What is oxidative rancidity?
Over time, foods will lose their nutritional value as they break down—vitamin A, C and E as well as other ingredients and amino acids are destroyed. Degradation, or spoilage, in a product does not only involve the production of either peroxides, malonaldehydes, alkenals or free fatty acids, it usually involves the generation of all four of these compounds or at least a combination thereof. These compounds are generated as fats and oils get oxidized, which is a natural outcome of exposure to air, light, moisture or certain bacteria. An accumulation of these compounds in your product can lead to an unpleasant taste and odor that needs to be avoided to keep your products marketable.
Every natural product has some innate ability to withstand oxidation. This innate ability is commonly attributed to the presence of antioxidants. Manufactured products can have antioxidants added to them, along with stabilizers and other nutrients to slow down the oxidative process. So, as a product is harvested or first manufactured, the initial oxidation is slow, while antioxidants and stabilizers, etc. fight oxidants to maintain the freshness of the material. During this period, lipid peroxides increase slowly and antioxidants and nutrients begin to decrease.
Decreasing nutrients and increasing degradents over time
What are the steps of an oxidative rancidity mechanism?

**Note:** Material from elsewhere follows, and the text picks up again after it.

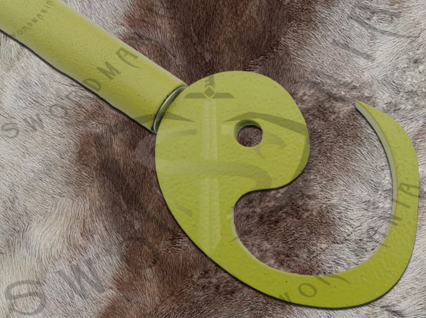 This is a full scale, replica of Grand Master Oogway's Ying Yang Staff from the martial arts comedy franchise "Kung Fu Panda" by Ethan Reiff and Cyrus Voris. The staff is used by Oogway for walking, meditation and fights as well. This staff is also representative of Oogway's wisdom and respect in the entire Valley of Peace because of his foundation of The Jade Palace. He was the mentor and friend of Shifu who was the master of he Furious Five and Dragon Warrior Po.

Food stability researchers have extensively studied the mechanisms by which fats and oils are oxidized to cause rancidity. Three steps are recognized in process of oxidation of food (i.e., autoxidation or free radical) and there are two different reactions typical of each step that can occur:
|
Step |
Reactions |
|
Initiation |
RH+O2 ⇒ R · + · OOH RH ⇒ R · + · H |
|
Propagation |
R ·+ O2 ⇒ RO2 · RO2 · + · + RH ⇒ RO2H + R · |
|
Termination |
R ·+ R · ⇒ R—R RO2 · + R · ⇒ RO2R |
The rate of these reactions depends on several factors:
- The nature of the fat
- The level of moisture in the product
- The presence of prooxidants, antioxidants, energy inputs (light or heat), enzymes that catalyze lipid oxidation in food
There is an initial phase where oxidation occurs very slowly, or not at all. After initiation and under favorable conditions, the rate of free radical reactions increases very rapidly because they are self-catalyzing. This rapid phase continues until the substrate is depleted or, until conditions are changed to quench the reactions.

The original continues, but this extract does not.